I recently discovered Kerbal Space Program, and seeing as I've sunk a dozen or so hours into that game already, I thought I might chronicle the stories of the Kerbals who've tried to get to the Mun, but before getting there, met their demise in a fiery fireball of poorly designed aeronautical bricks.
I'm terrible at this game. It's not even a game more than it is a giant sandbox for people who like space, rockets, or rockets flying through space.

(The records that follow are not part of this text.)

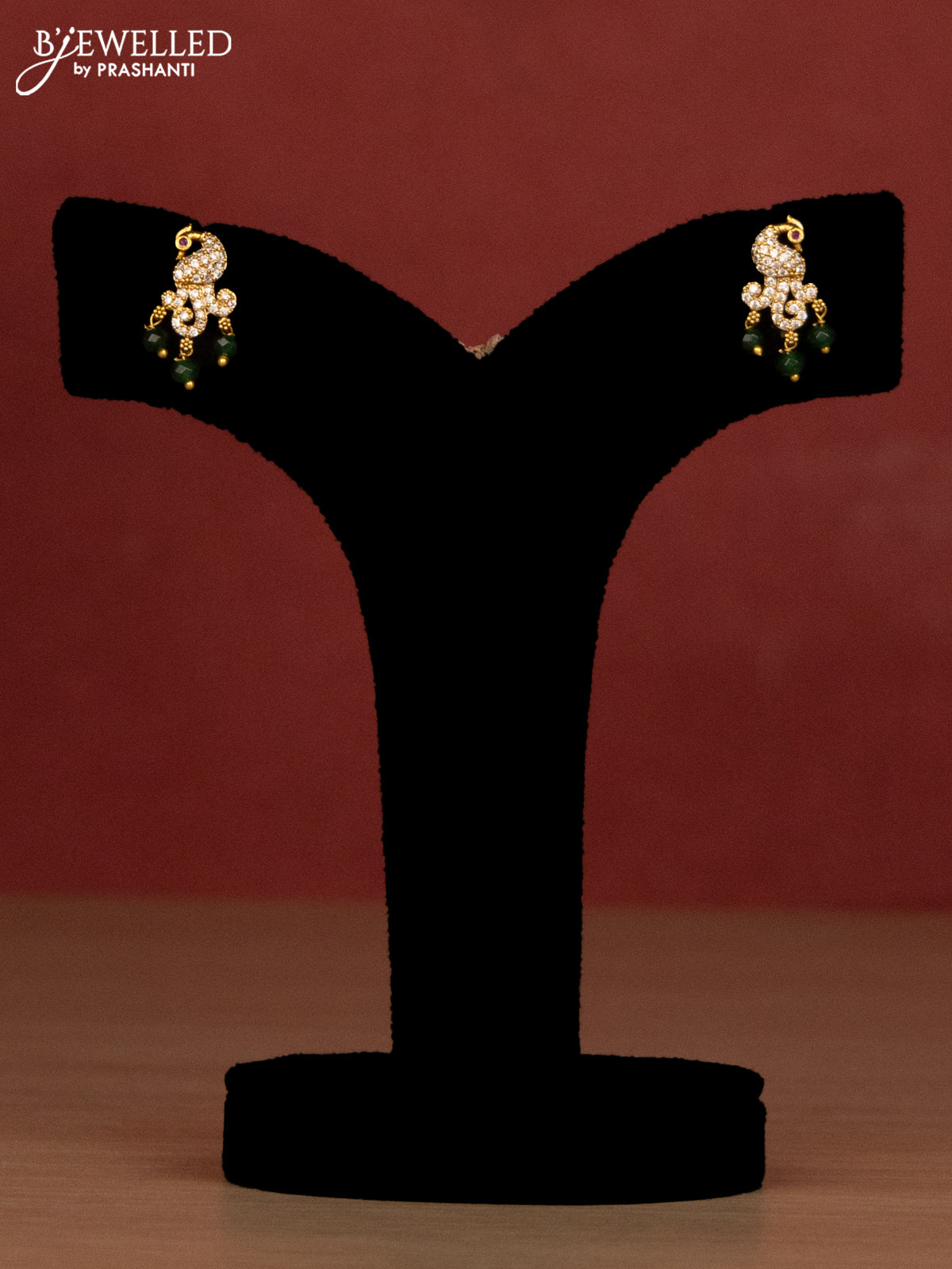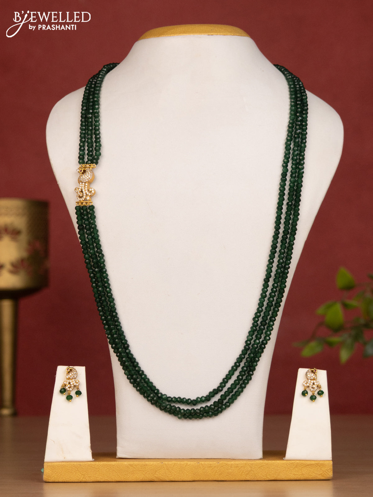 Beaded green haaram with peacock side pendant and cz stones
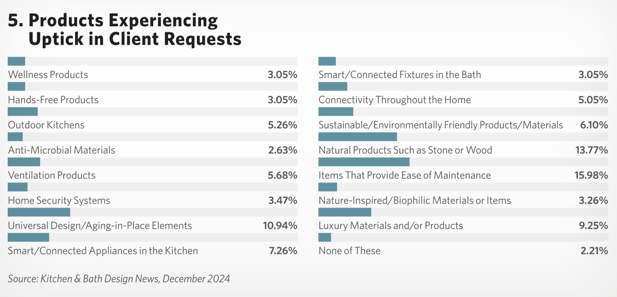 - Products that provide for ease of maintenance, along with natural products such as stone and wood, lead a long list of products that are currently in demand among kitchen and bath consumers. Among other leading in-demand products are universal design/aging-in-place elements, survey respondents report (see Figure 5).
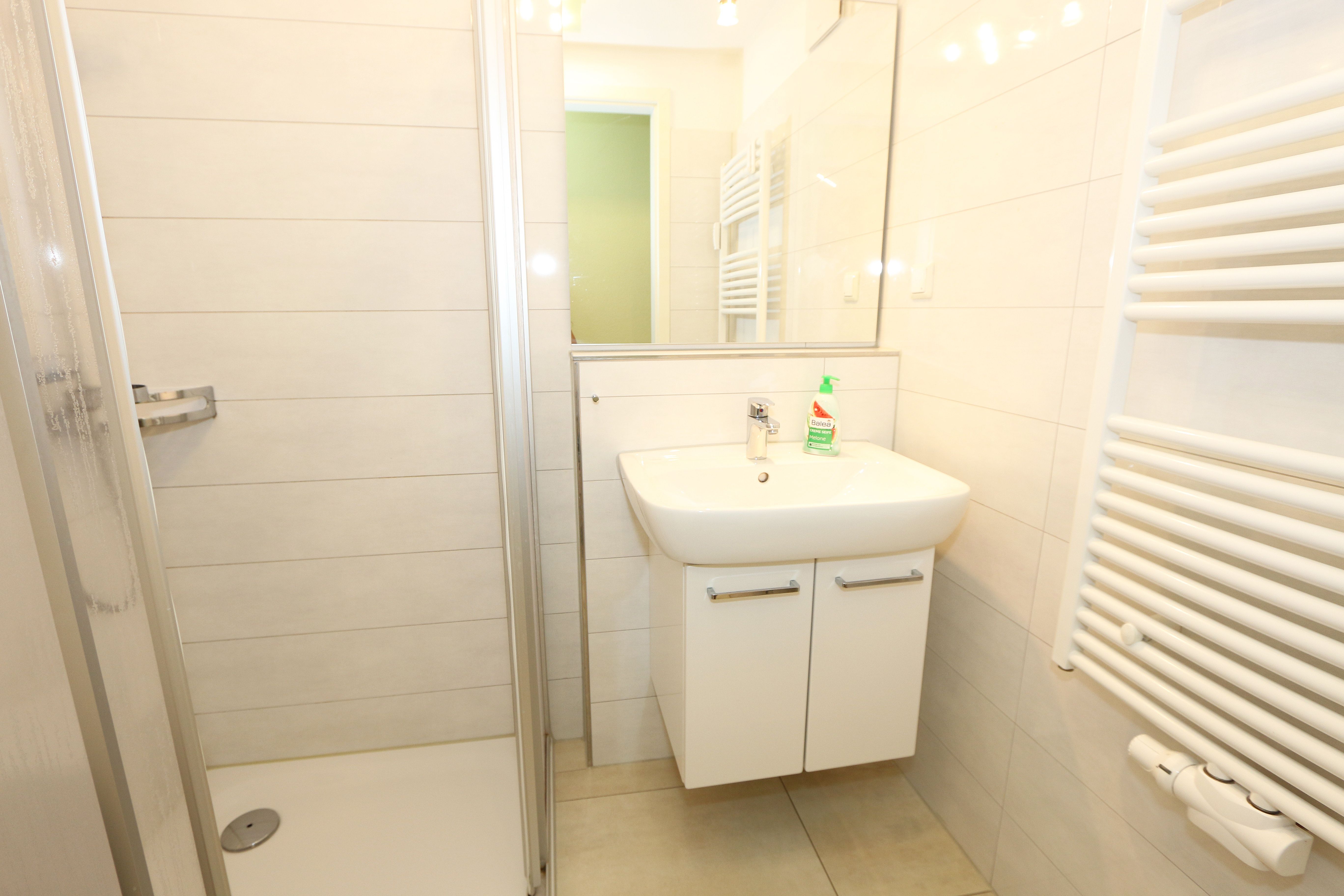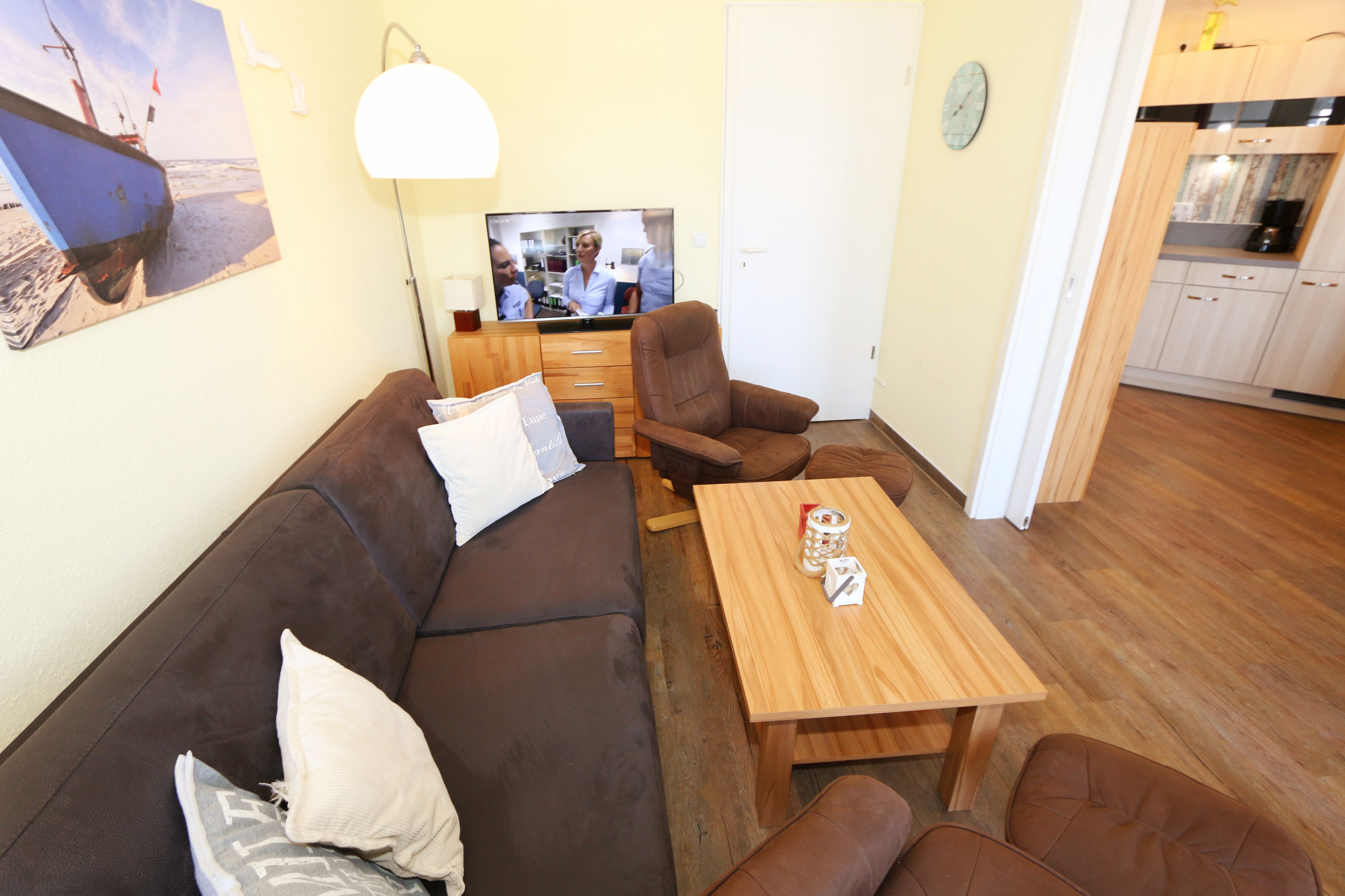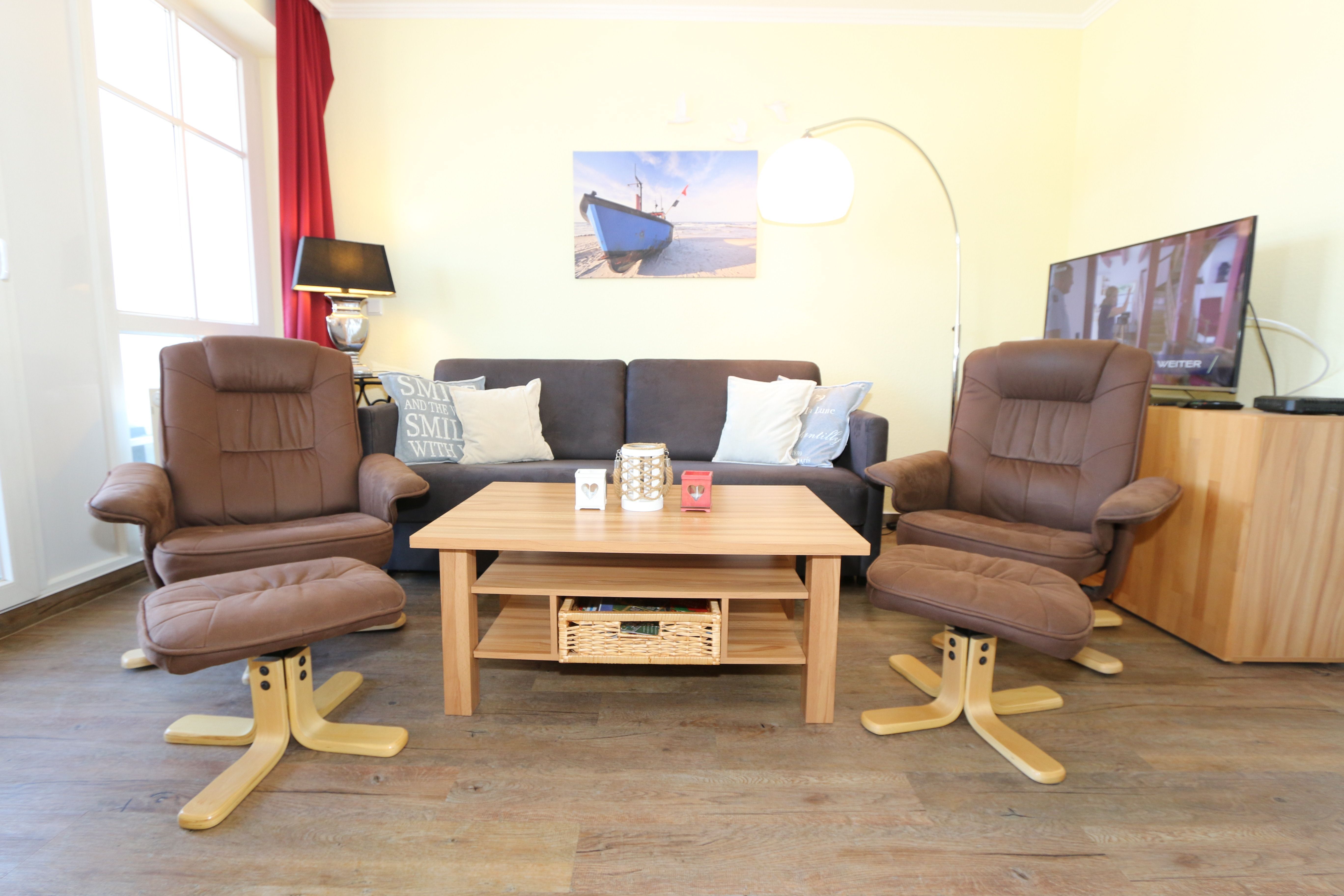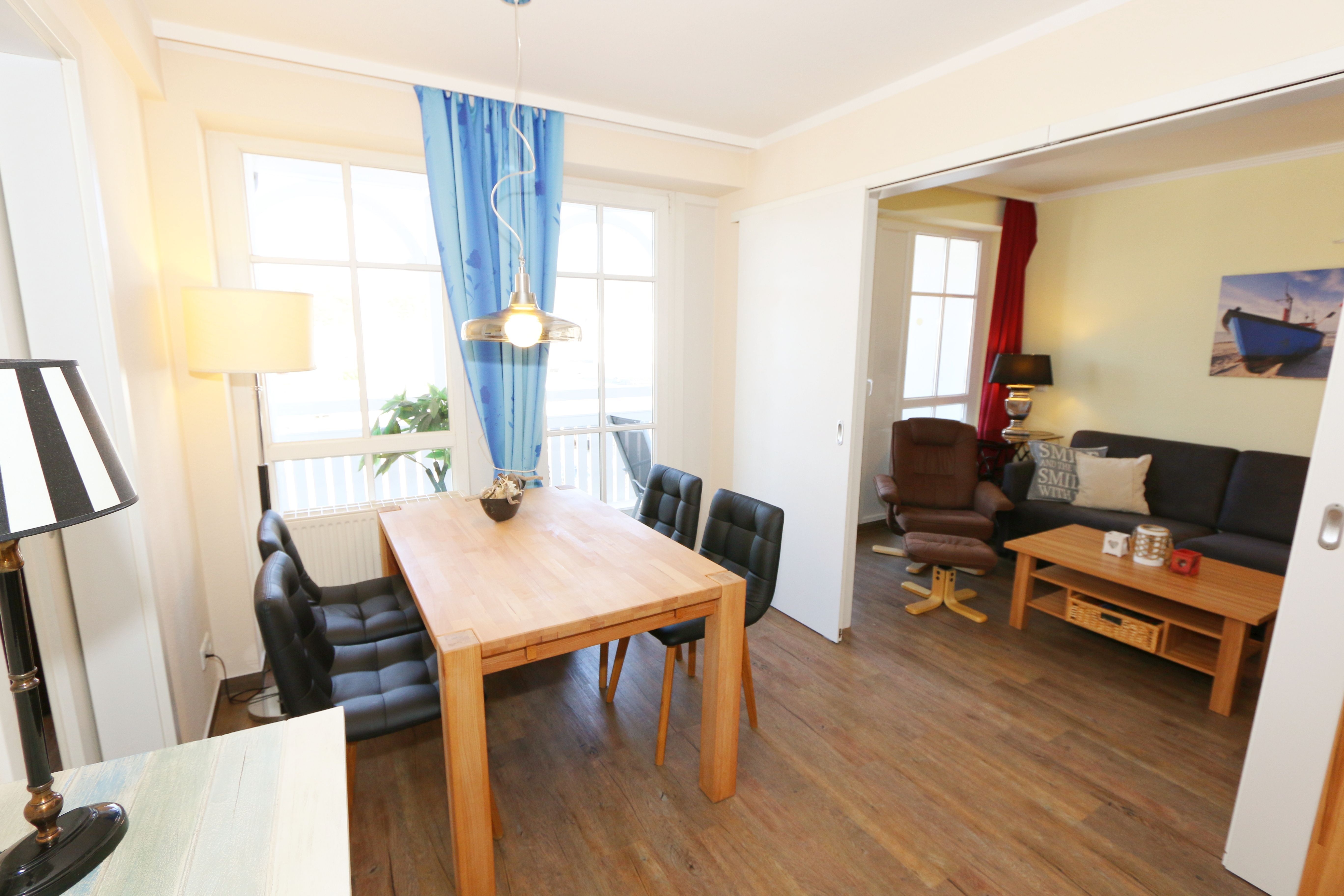 Die gemütlich eingerichtete Nichtraucherwohnung befindet sich in der 2. Etage des Hauses Altensien im Seepark Sellin. Durch die ca. 52 qm große Wohnfläche bietet Sie ausreichend Platz für max. 2 Personen. Der Wohn-/ Essbereich ist mit Schiebetüren voneinander abtrennbar. Der Essbereich verfügt über eine moderne Küchenzeile mit Ceranfeld, Spüle, Kühlschrank, Gefrierfach, Nespresso Maschine, Spülmaschine, Mikrowelle, Backofen, Kaffeemaschine, Toaster, Wasserkocher sowie diversen Küchenutensilien. Angrenzend haben Sie einen hellen und gemütlichen Essbereich, der nicht nur für die Mahlzeiten zum Verweilen einlädt. Zusätzlich haben Sie eine Leselampe, ein Highboard mit Smart-TV und DVD-Player sowie auch ein 2. TV-Flachbild im Wohnbereich. Im Wohnbereich passt sich eine Couch, ein Sessel, ein Couchtisch sowie eine Anrichte mit Mini-Stereo-Anlage dem Raum an. Das geräumige Schlafzimmer bietet Ihnen ein Doppelbett (2x 0,90m x 2,00m), verstellbare Lattenroste, Nachtischkonsolen und Kleiderschrank. Vom Schlaf-/Ess- & Wohnbereich können Sie den bestuhlten Balkon (Osten) erreichen. Das Badezimmer ist in 2 Räume aufgeteilt, wo sich in einem der Räume eine ebenerdige Glasdusche sowie ein Waschtisch mit Fön befindet und in einem weiterem Raum, das WC mit kleinem Waschbecken. Beide Badezimmer sind gefliest. Alle anderen Räumlichkeiten sind mit einem Vinylboden verlegt worden. Ein eigener PKW-Stellplatz (42) steht Ihnen in der Tiefgarage (Höhe 2,00m) zur Verfügung sowie auch eine Fahrradabstellmöglichkeit im Keller. Auch im Urlaub brauchen Sie in Ihrer Wohnung nicht auf einen Internetanschluss (WLAN) verzichten. Dieser ist für Sie inklusive!!! Für unsere kleinen Gästen ist 1x Kinderreisebett mit zusätzlicher Matratze inklusive. 2 Hunde bis Kniehöhe oder 1 Kniehoher Hund (keine Katzen) sind gegen eine Gebühr gern gesehene Gäste in der Wohnung. Die Erstausstattung eines Wäschepaketes (komplette Bettwäsche, 1 Duschhandtuch, 2 kleine Handtücher) können Sie bis 14 Tage vor Anreise gegen einen Aufpreis dazu buchen oder durch eigene ergänzen. Ab 2 gebuchten Paketen erhalten Sie einmalig 1 Geschirrhandtuch und 1 Duschvorleger hinzu.

There's a free version of Kerbal Space Program. After sinking three hours into it and getting into orbit and totally overshooting the Mun, I decided to buy it. The current big difference is that the paid version allows you to take off and land at an airstrip. "Land" is a lofty goal, actually. All of my successful attempts at returning to the surface were parachute-assisted.
So, to the game. This is the screen that greets you:
The hanger to the left lets you build aircraft. The one in the middle lets you build rockets. And the thing to the right lets you track all the poor souls you've sent into orbit around the sun.
I haven't hit the Mun yet. But I'm trying to get there using the most incredibly stupid contraptions ever designed, so this blog, if I decide to continue it, won't be about reaching the Mun using rockets. No. This will be about me designing a massive space plane to get there. In my head I have this glorious vision of a stupidly large, multi-stage vehicle where dozens of rockets launch each successive stage, each loaded with even more rockets, closer into orbit. And then, to the moon!
First step is getting off the ground.
Kerbal Space Program has a physics engine where every component has mass. And unless you use structural supports, components can actually disconnect from each other given enough force.
What I get for getting that degree in computer science instead of aeronautical engineering is that I have absolutely no idea how to design a plane. Wings generate lift. Components generate drag. Enough engines will get us off the ground. "More engines" is my guiding design philosophy.
Ladies and gentlemen, the Brick Mk. I:
The Brick Mk. I is a damn sexy plane. It has a cockpit! It has a fuselage! Two wings, two tail...wings? And a fin! It has four wheels touching the ground, like a car, and an engine! I even added control surfaces to the main wings and the fail fin. Better control!
Yeah, no. The Brick Mk. I didn't even get off the ground. What happened? Were my wings not generating enough lift? Was my plane too heavy to get off the ground? So, back to the drawing board I went. My approach? Add more engines.
The Brick Mk. I was equipped with one jet engine. I quickly modified it, and lengthened the fuselage to add another fuel container. Then I added two explosive pylons to the fuselage to mount two additional engines above the plane. Clearly, I should not be designing planes. If I did, there would be deformed 12-engine Boeings taking off and landing at airports all around the world.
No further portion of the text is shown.